Les olives n’ont pas sur l’arbre ce goût & ce degré de bonté qui leur a fait trouver place sur les tables les plus délicates. Elles ne l’acquierent, qu’après avoir été confites de la maniere suivante, ayant auparavant une amertume insupportable.

Quand les olives sont en état d’être confites, c’est-à-dire, dans les mois de Juin & de Juillet, & bien long-tems avant qu’elles soient propres à en tirer l’huile, on les cueille, & on les met tremper quelques jours dans de l’eau fraîche.

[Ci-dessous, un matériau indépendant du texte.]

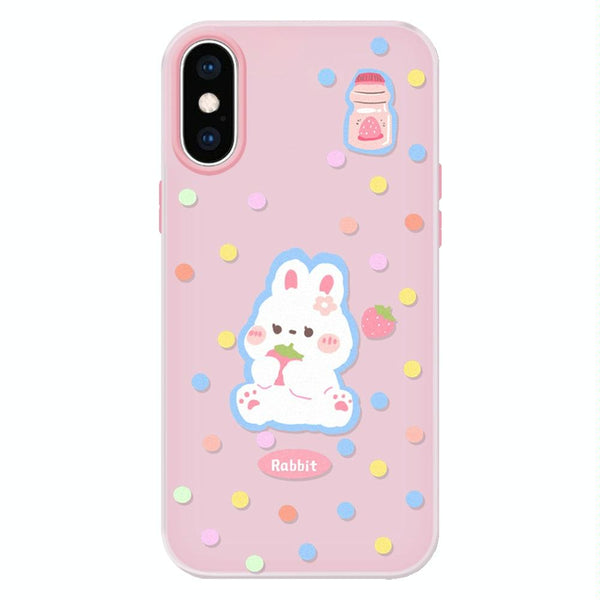 For iPhone X / XS Skin Feeling Jelly TPU Hybrid PC Phone Case(Polka Dot Rabbit Pink)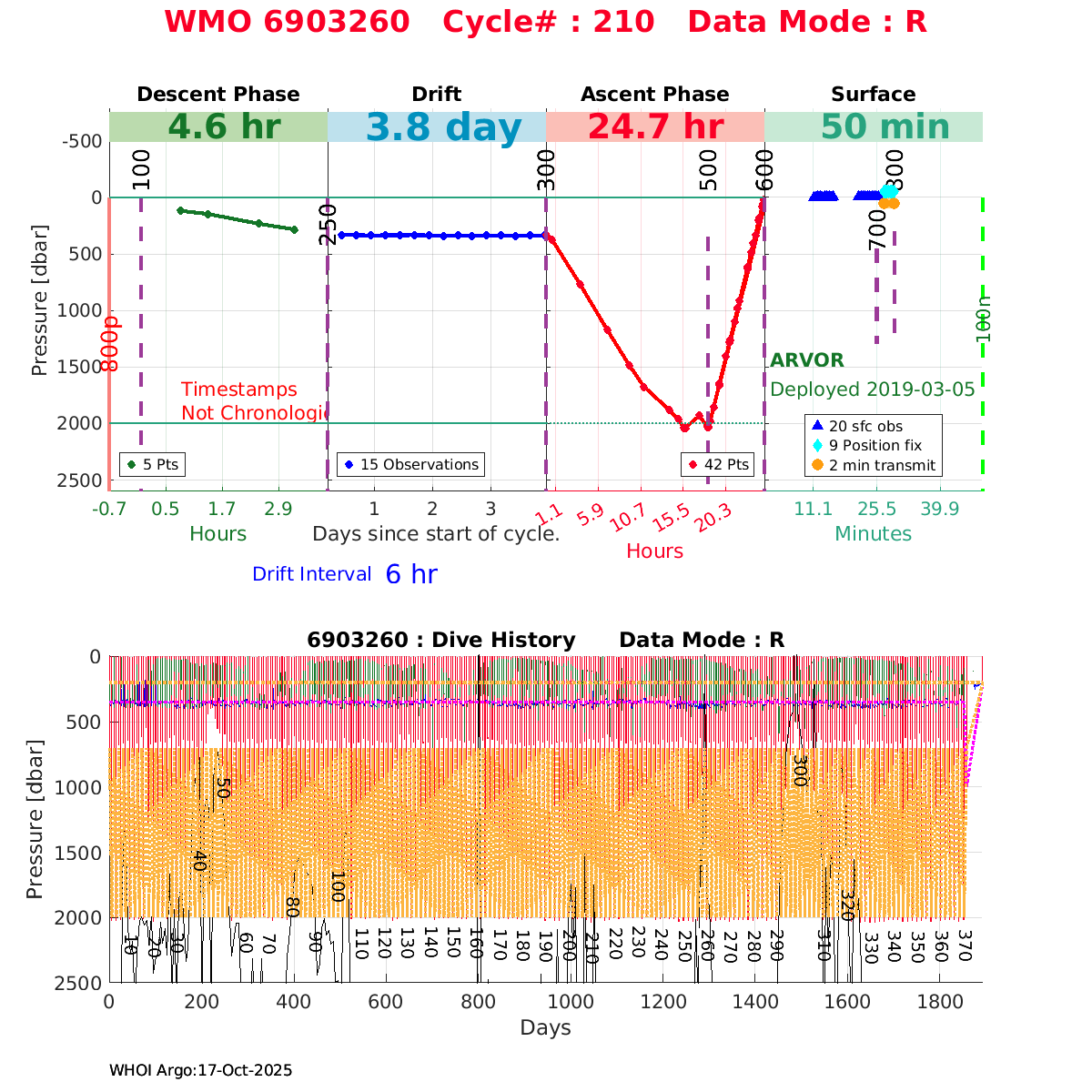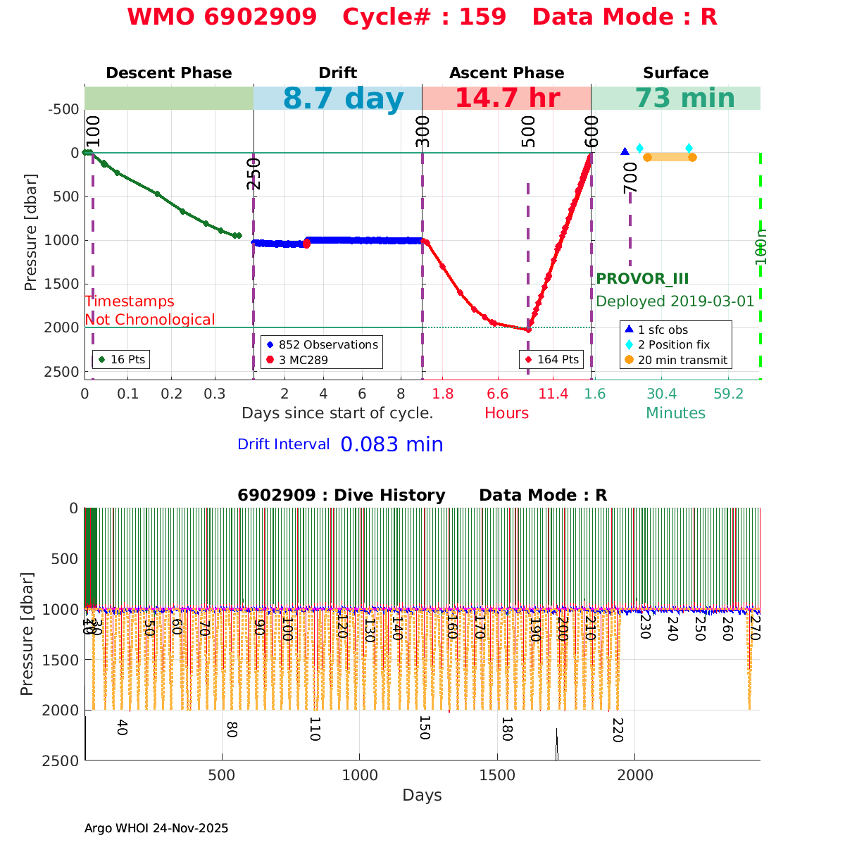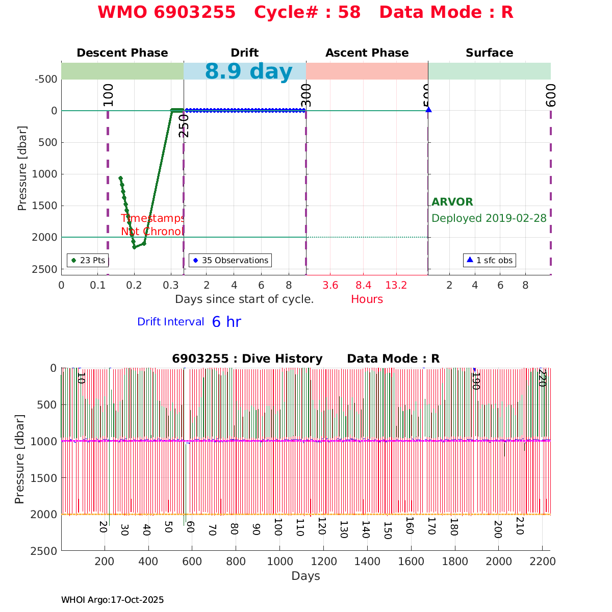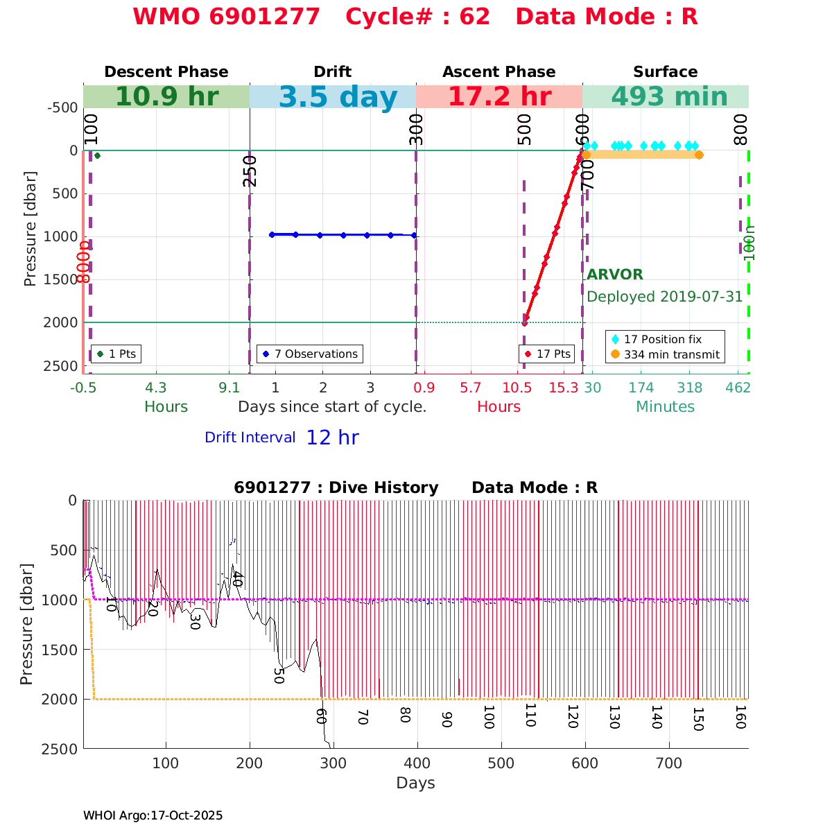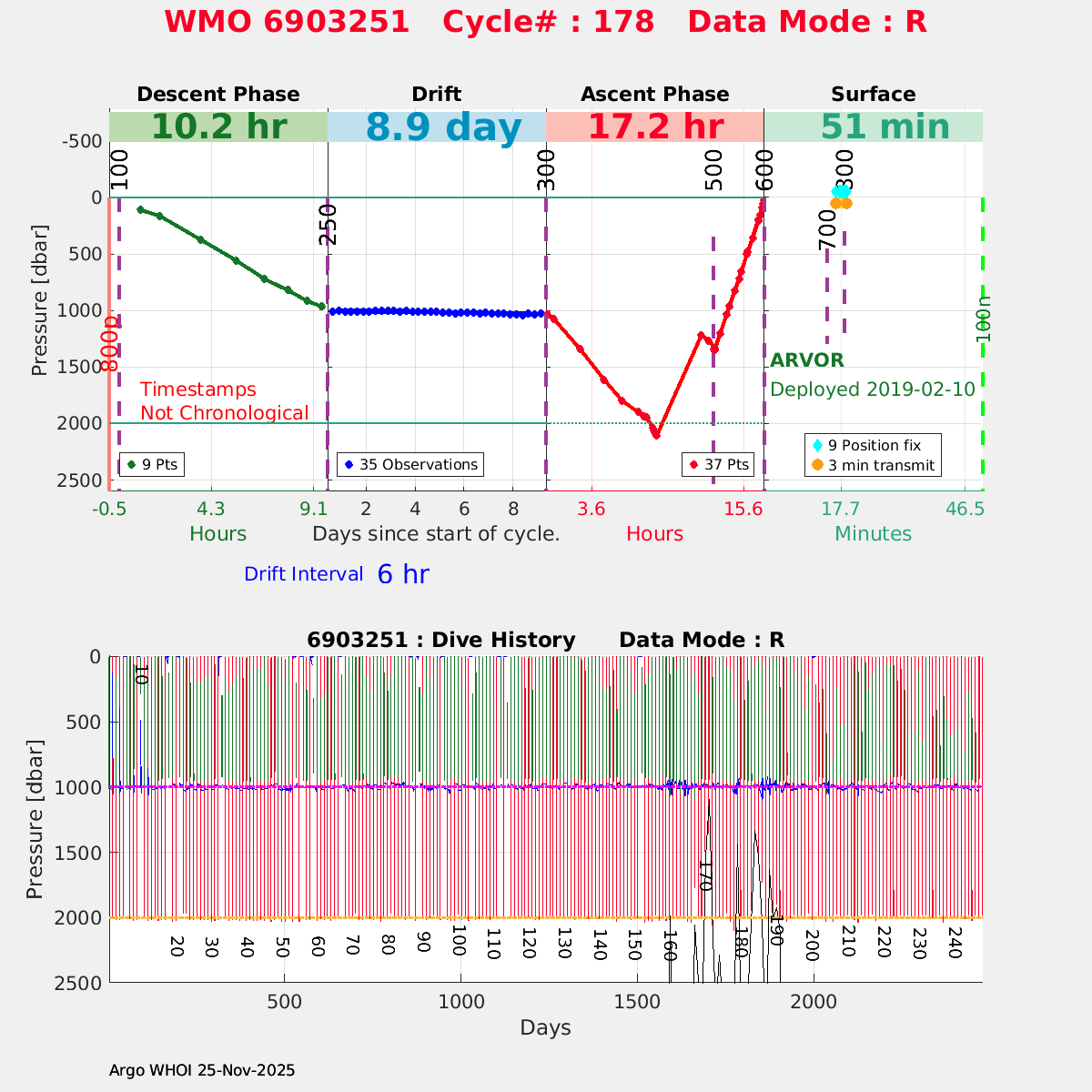 | WMO: #6903255 DAC: coriolis PI: Pierre-Marie POULAIN ARVOR: # FLOATCLOCK: # DRUCK_2900PSIA: #10818313 SBE41CP: #10569 Altimeter Comparison (IFREMER) EuroArgo Link | ![]() |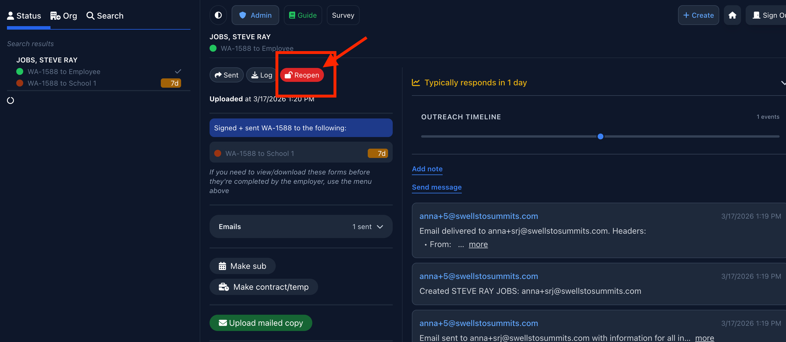Re-send forms to candidates, substitutes, and returning employees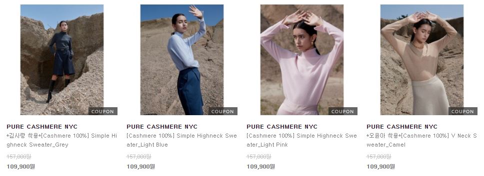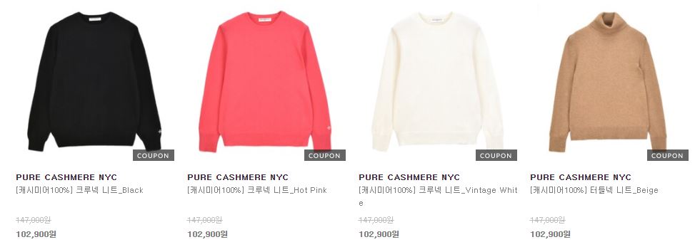 퓨어캐시미어 다양한 제품을 할인 판매하네요.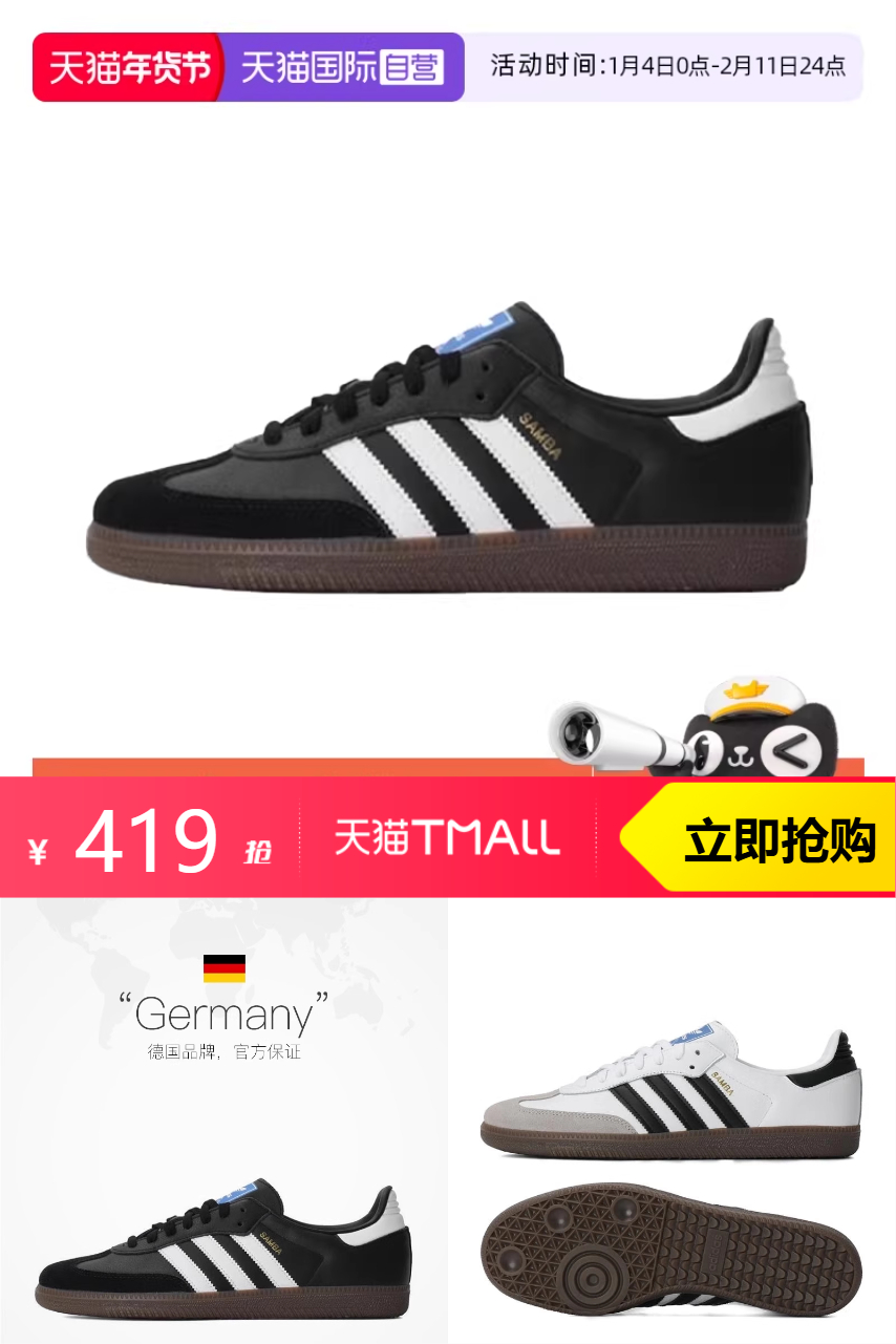 阿迪达斯 阿迪达斯SAMBA OG运动休闲鞋 564元减65 商品纠错

Après les en avoir tirées, elles sont remises dans une autre eau préparée avec de la barille ou soude, & des cendres de noyaux d’olives brûlés, ou bien de la chaux ; ensuite on les fait passer encore dans une seconde saumure faite d’eau & de sel, avec laquelle on les met en petits barils, dans lesquels on les envoie : mais pour leur donner cette pointe agréable qu’elles ont, on jette par dessus une essence composée ordinairement de girofle, de canelle, de coriandre, de fenouil, &c.

La composition de cette essence est une espece de secret parmi ceux qui se mêlent de confire les olives ; & l’on peut dire aussi que c’est en cela que consiste toute l’habileté de ce commerce, le reste étant assez facile à faire.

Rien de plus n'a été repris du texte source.